You should now have two files in your directory named test[1-2]_R1_R2_cat.fastq. Lets see how many lines these files contain with the following command:

wc -l test*

You can return to the higher directory with this command:

cd ..

Finally one thing to keep in mind when running commands with parallel is that you can keep track of their progress (e.g. how many are left to run and the average runtime) with the --eta option.

2. Exploring the raw data

Alright now let's take a look at the data we'll be using for the main tutorial! The input files are FASTQ files, which contain information on the base-pairs in sequenced reads and the quality scores of each base-pair.

One thing we should be aware of when dealing with metagenomic data is that many tools will require a large amount of computational resources in order to run. As such they can either take a while to run or in some cases fail to run at all due to issues such as insufficient memory. In many cases it is unlikely that the metagenomic analysis of microbiome samples can be completed on a standard laptop in a timely manner.

For now we'll work with ten example sub-sampled FASTQs, that were downloaded from the HMP2 database that examined individuals with and without inflammatory bowel disease. These files are much smaller than normal metagenomic sequencing files but will speed up our data processing during this tutorial!

First we will need to copy the files from the storage section of our machine into our workspace. If you aren't in the IMPACTT workshop then you don't need to run this command

cp -r ~/CourseData/Module4/Data/raw_data/ .

Note the -r flag on the copy command indicates that we want to copy a directory and not an individual file and the . indicates that we are copying these into the current directory.

Take a look with less at the forward ("R1") and reverse ("R2") reads of one of the files.

less raw_data/CSM7KOMH_R1_subsampled.fastq.gz
less raw_data/CSM7KOMH_R2_subsampled.fastq.gz

You'll see that there are 4 lines for each individual read. Also, note that in the forward and reverse FASTQs for each sample that the read ids (the 1st line for each read) are the same and in the same order (except for /1 or /2 at the end).

To find out how many reads are in each forward FASTQ we can simply count the number of lines in a file and divide it by 4. Since the files are gzipped we'll need to use zcat to uncompress them on the fly and pipe (|) this as input to the wc -l command, which will return the number of lines in plaintext files.

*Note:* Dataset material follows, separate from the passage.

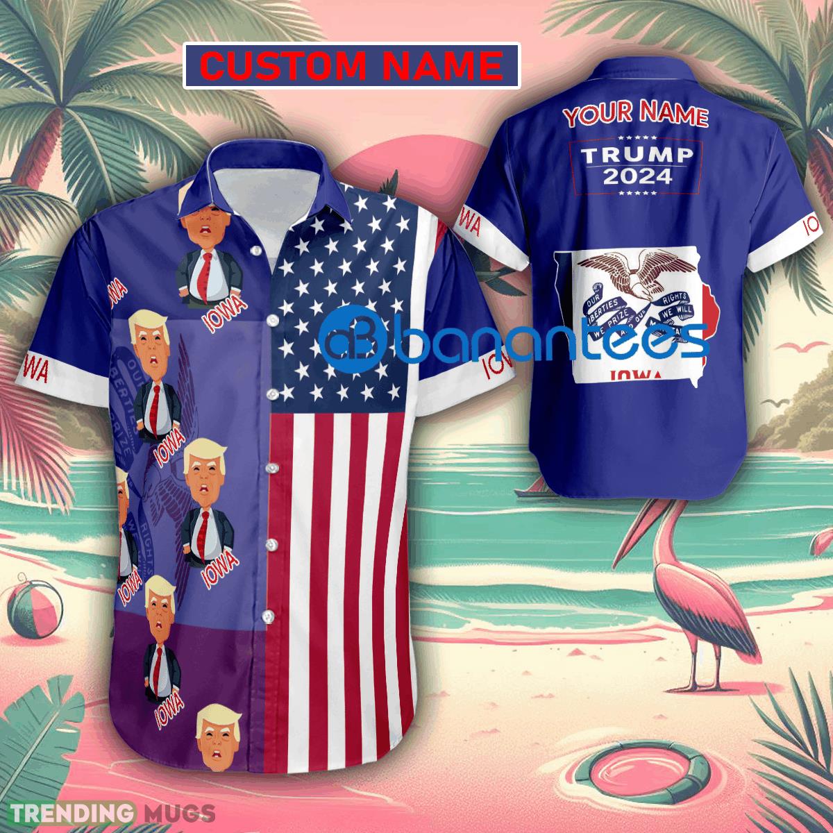 Don’t miss out on this incredible opportunity to own a unique piece of Trump memorabilia. Order your Custom Name Trump Big Belly Iowa Hawaiian Shirt today and let your love for Trump shine bright!
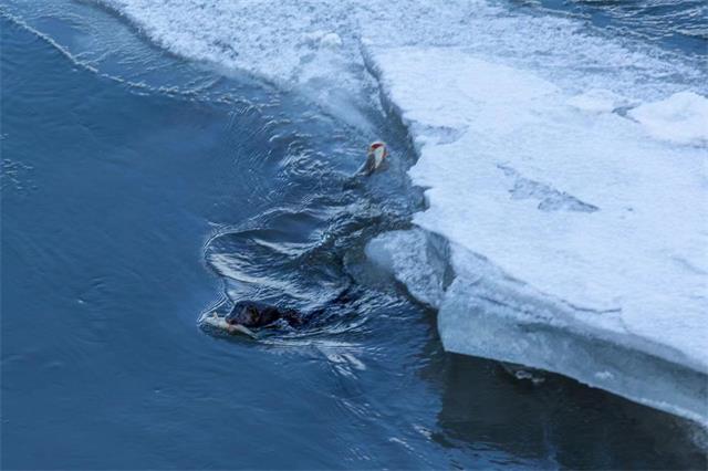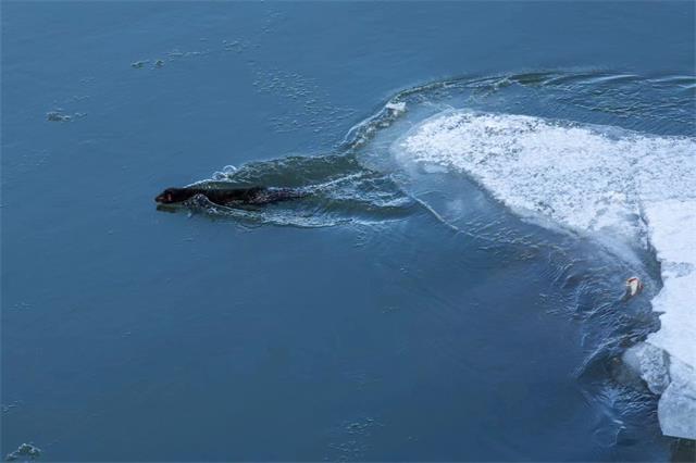 12月3日,一名钓鱼爱好者在天桥岭嘎呀河畔钓鱼时,忽然发现有一只不知名的野生动物在水中游来游去,并不断地潜入河水里抓鱼吃,便立即把情况报告给了天桥岭森林公安分局。分局领导立即通知有关人员,到现场进行拍摄查看,视频显示,落雪后,嘎呀河的河道渐渐封冻,偶尔温泉涌出的地段,还会有明流溅溅。小家伙在嘎呀河水面上悠闲地游动,一会潜入水底,一会游出水面,嘴里叼有一条河鱼,不停地啃食,待吃饱后又潜入水底,捕了十条鱼左右,放在旁边,然后来回几趟,把捕食的河鱼运回不远处的窝内,那认真的小模样真的太可爱了。

zcat raw_data/CSM7KOMH_R1_subsampled.fastq.gz | wc -l
zcat raw_data/HSM6XRQY_R1_subsampled.fastq.gz | wc -l

We can see that the files have the same number of lines and therefore have the same read depths. However, this is not always the case with MGS data!

Question 1: Based on the above line counts can you tell how many reads should be in the reverse FASTQs? Remember that a standard convention is to mark the reverse FASTQs with the characters R2

3. Pre-processing

Pre-processing is an important step when analyzing sequencing data. When not performed you could be allowing contaminants (such as DNA from the host) and/or low-quality reads to introduce noise to downstream analyses.

Visualizing read quality

A standard first step with pre-processing sequence data is to visualize the base-qualities over the reads along with other helpful statistics. FASTQC is a simple program that will allow you to explore this information!

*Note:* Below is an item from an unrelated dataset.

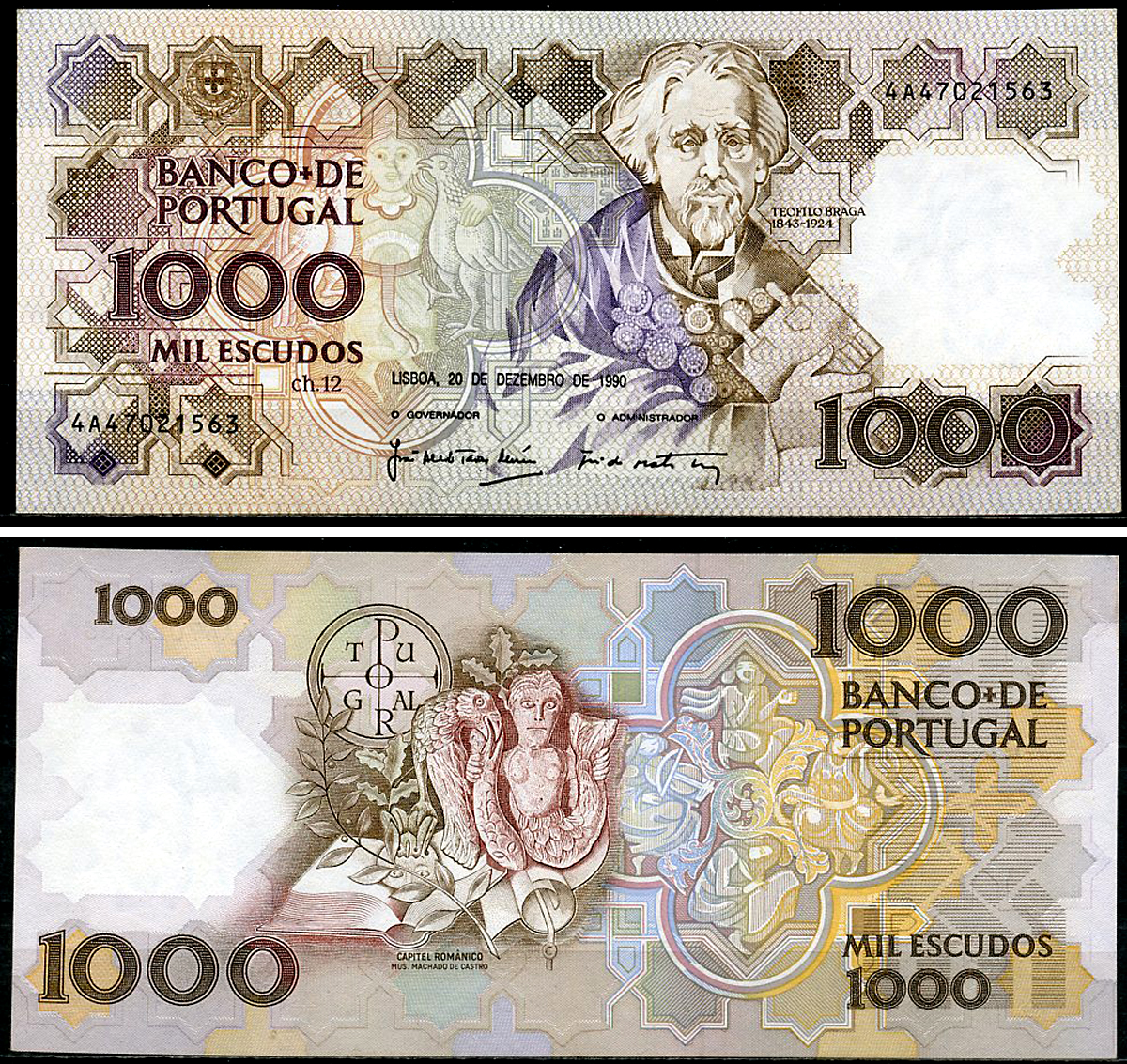 Португалия 1000 эскудо 1990 Жоаким Теофилу Фернандеш Брага Pick 181 h (3) бумага UNC (пресс) 6294-78-2-2
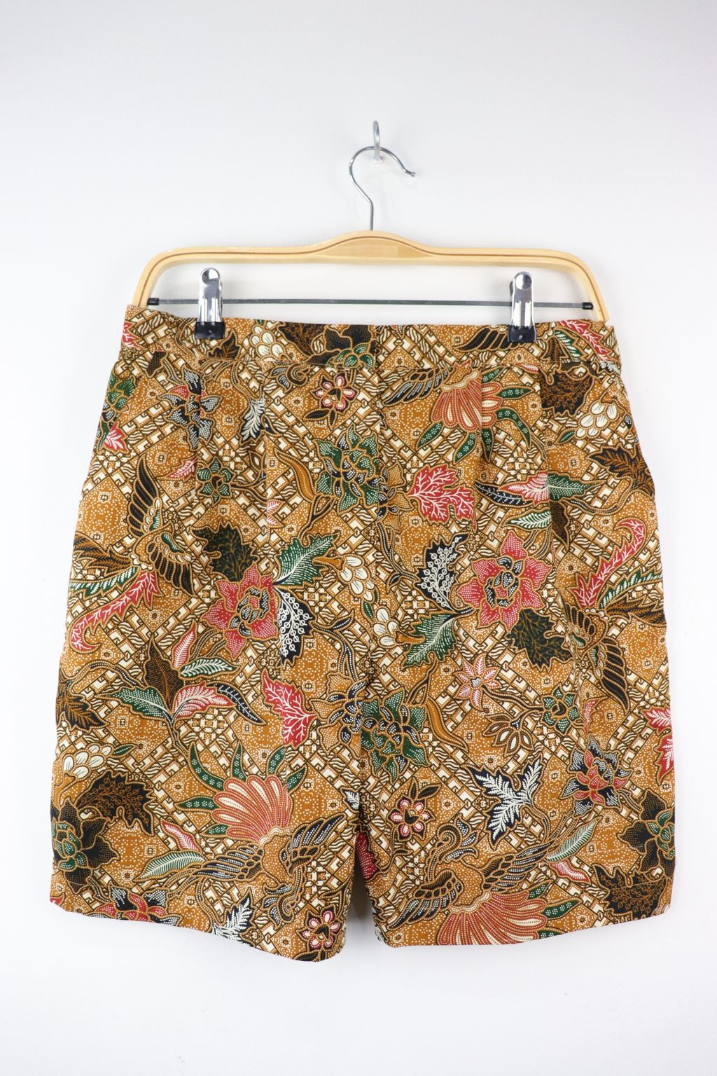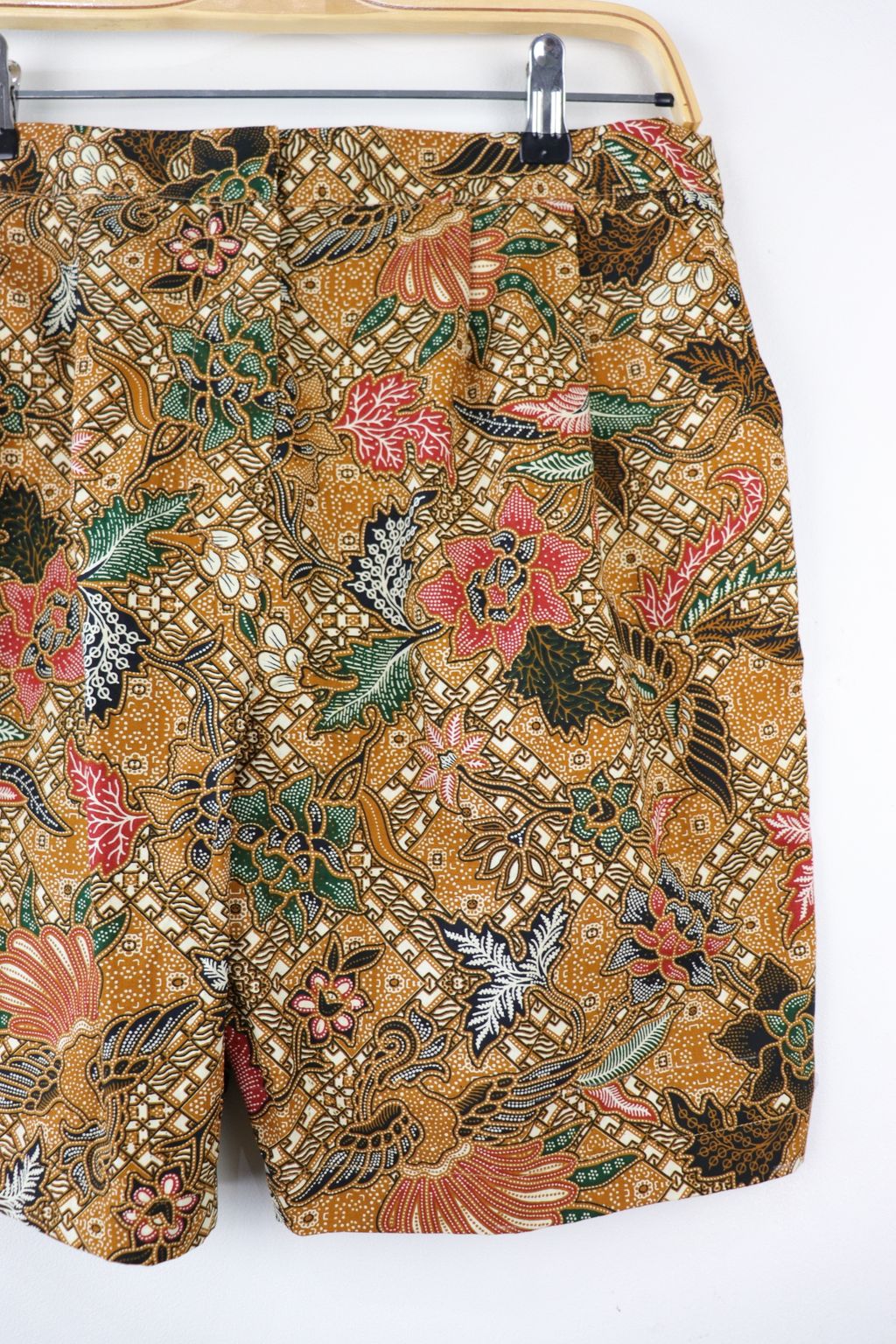 100% cotton batik with pockets at both sides, zip and metal hook fastening in the front and an elastic back for ease and comfort.

You can run FASTQC on the two test samples with this command (after making the output directory):

mkdir fastqc_out
fastqc -t 4 raw_data/*fastq.gz -o fastqc_out

This is a fairly simple tool and only has a few arguments.

  • -t - The number of threads we want to use to process each file
  • raw_data/*fastq.gz - This indicates we want to run this command on all files that end with fastq.gz in the folder raw_data
  • -o - Indicates the name of the folder we want to output the results to.

You can open one of the HTML files in your browser by entering the same address you used to connect to your AWS instance into your favourite web browsers and navigating to the workspace/Module4/fastqc_out/ folder. You should see something like this under the per-base quality section:

If you are not in the IMPACTT workshop then you will probably need to download this folder in order to view the files. The command should look something like this:

scp -r robyn@vulcan.pharmacology.dal.ca:/home/robyn/metagenome_tutorial/fastqc_out/ .

These base qualities are not typical! Usually you would see the quality scores drop off near the end of the reads (and this tends to be even worse for reverse reads). However, it turns out that these reads have already been filtered! Importantly, this wouldn't have been obvious without visualizing the quality scores.

Filtering out low-quality reads

Even though these reads have already been through one round of quality filtering, we'll check them for contaminant sequences. Since these are human stool samples it's possible that there could be some human DNA that was sequenced (and could be high quality!). Also, sometimes PhiX sequences (a common sequencing control) aren't properly removed from output files. We'll want to remove both of these types of sequences before proceeding.

We'll use kneaddata, which is a wrapper script for multiple pre-processing tools, to check for contaminant sequences. Contaminant sequences are identified by this tool by mapping reads to the human and PhiX reference genomes with Bowtie2. You would also typically trim trailing low-quality bases from the reads at this step with Trimmomatic, which kneaddata will do automatically if you didn't use the skip-trim option below.

The below command will pass the read pairs to the same command, similar to how we ran them above. If you want to run quality processing as well then check out the command in our metagenomics SOP. Note that in this case we're running 1 job at a time (-j 1) and each job is being run over 4 threads (-t 4). This means we are using 4 processors (CPUs) at a time while running this program (the maximum number on your workstation!) The Bowtie2 index files have already been made and are passed to the tool with this option: -db ~/CourseData/Module4/Data/bowtie2_db/GRCh38_PhiX.

parallel --eta -j 1 --link 'kneaddata -i {1} -i {2} -o kneaddata_out/ \
-db  /home/ubuntu/CourseData/Module4/Data/bowtie2db/GRCh38_PhiX \
-t 4 --bypass-trim ' \
 ::: raw_data/*_R1_subsampled.fastq.gz ::: raw_data/*_R2_subsampled.fastq.gz

If you are not in the IMPACTT workshop then your command should look like this:

parallel --eta -j 1 --link 'kneaddata -i {1} -i {2} -o kneaddata_out/ \
-db  bowtie2db/GRCh38_PhiX -t 4 --bypass-trim ' \
 ::: raw_data/*_R1_subsampled.fastq.gz ::: raw_data/*_R2_subsampled.fastq.gz

If you take a peek in kneaddata_out with ls you'll see that a number of output files have been created! The key information we want to know is how many reads were removed. This command will generate a simple count table:

kneaddata_read_count_table --input kneaddata_out --output kneaddata_read_counts.txt

Question 2: Take a look at kneaddata_read_counts.txt: how many reads in sample CSM7KOMH were dropped?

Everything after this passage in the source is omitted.